MUSÉES, MERVEILLES ET MYSTIFICATIONS
Daniel Spoerri entretient un rapport particulier à la collection. Dès les années 1960, il réalise des reconstitutions archéologiques de lieux relatifs à sa vie et à son œuvre puis met en scène la puissance immanente des objets dérisoires, à l’image de ses « Musées sentimentaux » ou du « Cabinet de Mama W ». L’art devient une médecine, traitant des pièges et des illusions comme en témoignent la « Pharmacie bretonne », collection de cent-dix-sept eaux provenant de sources sacrées bretonnes et la centaine de planches anatomiques, de la série « Médecine
opératoire » initiée en 1993, rehaussées d’objets tantôt incisifs, tantôt poétiques. Ensemble,ces surprenants cabinets de curiosités révèlent l’Humanité dans toute sa précarité et préciosité.
Daniel Spoerri
Né le 27 mars 1930 en Roumanie, refugié en Suisse, l’artiste se consacre à la danse, au théâtre et à la poésie concrète, avant d’initier, à partir de 1959, une démarche plastique. Alors qu’il collecte des ferrailles pour son ami Jean Tinguely à Paris, il a l’idée de coller telles quelles sur un support des situations d’objets qu’il dresse à la verticale, fixant dans la durée le dispositif d’un instant dû au hasard.
C’est la naissance des Tableaux-Pièges qui immortalisent des étalages de marchés aux puces, puis des restes de repas. Dès 1963, l’artiste met en place des restaurants éphémères, ouvre son propre Restaurant à Düsseldorf et organise des banquets festifs, faisant d’un moment de partage, une œuvre d’art collective déstabilisante. Son amour
pour les objets les plus dérisoires le conduit à la création de toutes sortes de collections et de musées insolites.

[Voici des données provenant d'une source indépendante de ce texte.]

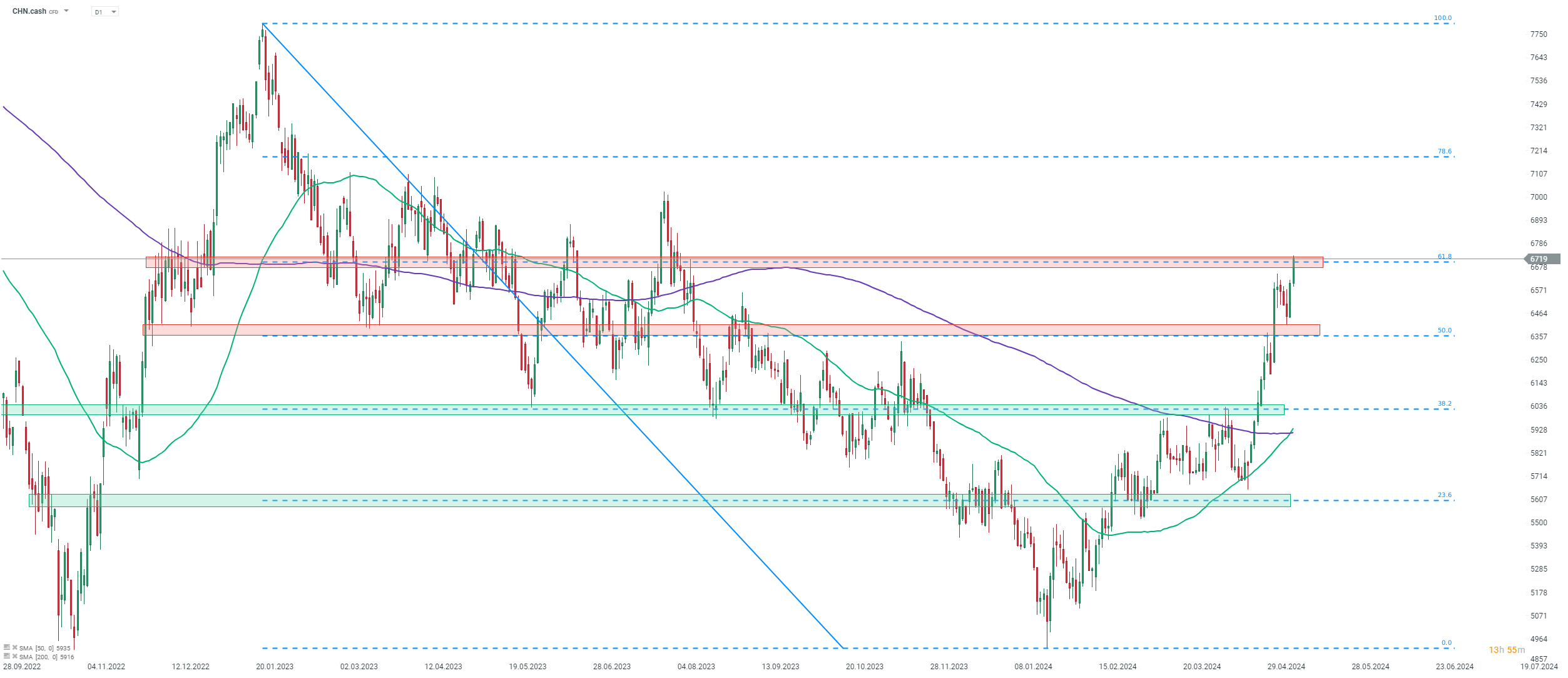 Si observamos el gráfico CHN.cash en el intervalo D1, podemos ver que el índice ha experimentado un repunte masivo en los últimos meses. El índice saltó más del 35% desde el mínimo alcanzado el 22 de enero de 2024. CHN.cash subió al nivel más alto en 9 meses. Actualmente, el índice prueba la zona de resistencia de 6.700 pts, marcada con un retroceso del 61,8% del impulso bajista lanzado a principios de 2023.

Daniel Spoerri est un itinérant : il ne cesse de se déplacer à travers l’Europe. Il partage aujourd’hui son temps entre son jardin en Toscane ouvert dans les années 1990, sa fondation/maison d’exposition près de Vienne inaugurée en 2009 et son appartement dans la capitale autrichienne.

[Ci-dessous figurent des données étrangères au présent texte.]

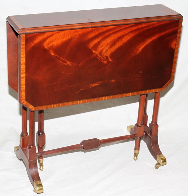 BAKER MAHOGANY DROP LEAF TABLE, H 24", L 24",

Son travail est reconnu sur la scène internationale. Il a été célébré en 1972 par le CNAP à Paris et le Stedelijk Museum à Amsterdam. En 1990, le Centre Pompidou lui a consacré une rétrospective avec une itinérance à Antibes, Munich, Vienne et Genève. Le musée Tinguely à Bâle en 2001, le Jeu de Paume à Paris en 2002, le Centre Pecci à Prato en 2007 et les Abattoirs de Toulouse en 2017 ont réalisé des expositions et événements d’envergure. Présent dans les collections du MAMAC, son œuvre fait l’objet pour la première fois, d’une grande exposition à Nice.